*YOUR TASK*: Taking only the lines of the data below from the line with "1、首先通过上方点击进入高校" to the line with "- Tạo hình các", ends included, write them out exactly and without pictures.

*DATA SECTION*:

______________________________

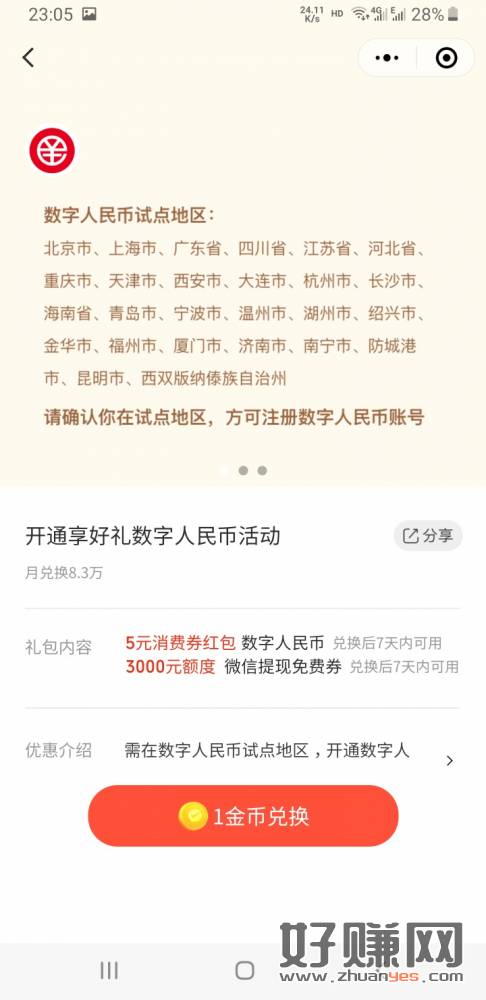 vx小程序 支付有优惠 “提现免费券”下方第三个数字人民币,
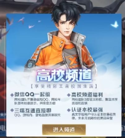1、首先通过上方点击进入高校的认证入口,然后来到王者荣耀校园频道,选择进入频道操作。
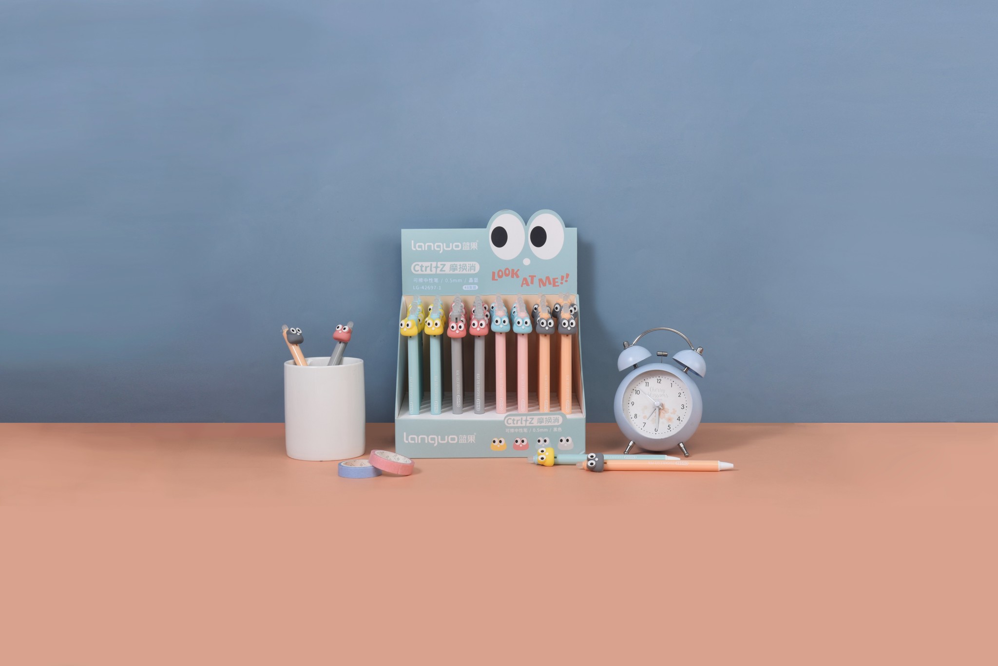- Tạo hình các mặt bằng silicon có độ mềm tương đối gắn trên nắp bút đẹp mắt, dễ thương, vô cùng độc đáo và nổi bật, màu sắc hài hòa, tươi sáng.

______________________________

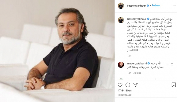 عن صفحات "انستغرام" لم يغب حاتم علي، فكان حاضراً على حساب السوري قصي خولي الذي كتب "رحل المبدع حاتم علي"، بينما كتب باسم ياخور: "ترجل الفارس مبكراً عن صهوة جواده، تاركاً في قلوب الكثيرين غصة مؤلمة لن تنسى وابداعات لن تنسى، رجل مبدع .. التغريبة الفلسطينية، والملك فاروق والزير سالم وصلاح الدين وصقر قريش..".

______________________________

*TASK SOLUTION*:
1、首先通过上方点击进入高校的认证入口,然后来到王者荣耀校园频道,选择进入频道操作。
- Tạo hình các mặt bằng silicon có độ mềm tương đối gắn trên nắp bút đẹp mắt, dễ thương, vô cùng độc đáo và nổi bật, màu sắc hài hòa, tươi sáng.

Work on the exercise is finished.